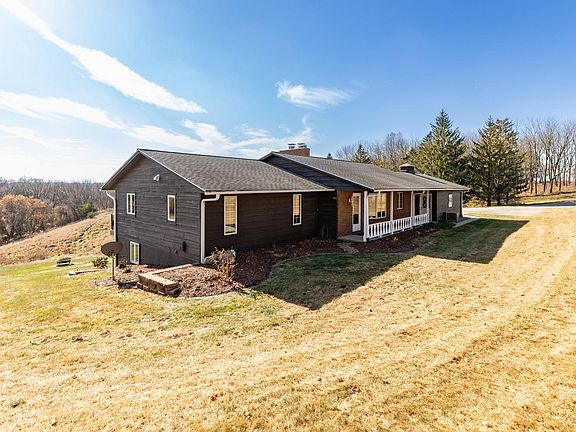 Picturesque setting on 5 acres just 15 minutes from Rochester. Walk out ranch style home sits on hillside with panoramic views in every direction from your huge maintenance free Trex deck with Westbury deck railings. This beautiful home features main floor master suite with ensuite, double see through fireplace connects the living room and kitchen dining room area, plus spacious laundry/mud room area. Open staircase to lower level has solid oak treads & stringers and features 2 bedrooms, 2 full bathrooms, family room with cozy fireplace, office area and lots of storage. Newer mechanicals include boiler with on demand heating baseboard, water heater, and A/C. 50x54 shed complete with concrete floor, water hydrant and is completely wired. 45x75 garden with 6 foot high fence is a gardeners paradise. Take a tour today.
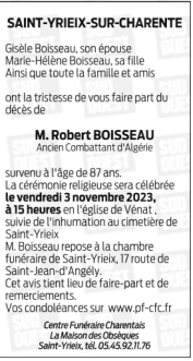 Décédé à Saint-Yrieix-sur-Charente (16710) le lundi 30 octobre 2023
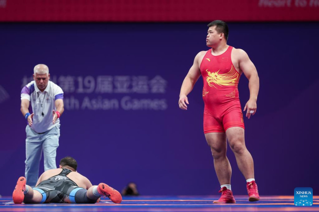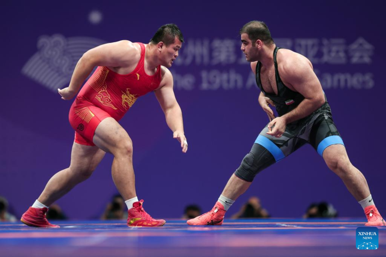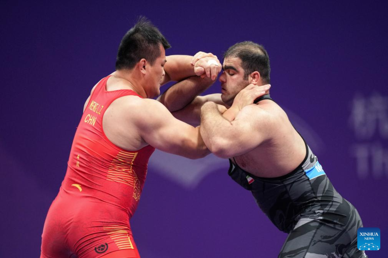 Meng Lingzhe (R) of China competes with Amin Mirzazadeh of Iran during the final of Men's Greco-Roman 130kg of Wrestling at the 19th Asian Games in Hangzhou, east China's Zhejiang Province, Oct. 5, 2023. (Xinhua/Wu Zhuang)
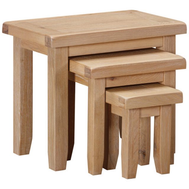 Nest of Tables are a great versatile addition to your living room. Three tables make up this modern nest; they stack neatly together, can be divided up and moved around your living area as needed, and can be neatly tucked away again when you’re done.
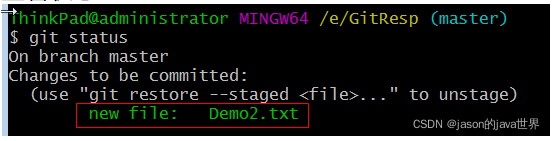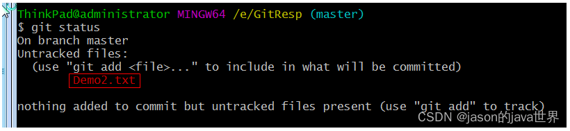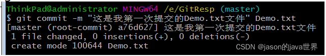 git commit -m "这是我第一次提交的Demo.txt" Demo.txt

------------------------------------------------------------------------

▸ EXERCISE DIRECTIONS: Now transcribe the lines above exactly, starting at the line containing "Décédé à Saint-Yrieix-sur-Charente" and ending at the line containing "Nest of Tables", both lines included, pictures excluded.

▸ YOUR SOLUTION:
 Décédé à Saint-Yrieix-sur-Charente (16710) le lundi 30 octobre 2023
 Meng Lingzhe (R) of China competes with Amin Mirzazadeh of Iran during the final of Men's Greco-Roman 130kg of Wrestling at the 19th Asian Games in Hangzhou, east China's Zhejiang Province, Oct. 5, 2023. (Xinhua/Wu Zhuang)
 Nest of Tables are a great versatile addition to your living room. Three tables make up this modern nest; they stack neatly together, can be divided up and moved around your living area as needed, and can be neatly tucked away again when you’re done.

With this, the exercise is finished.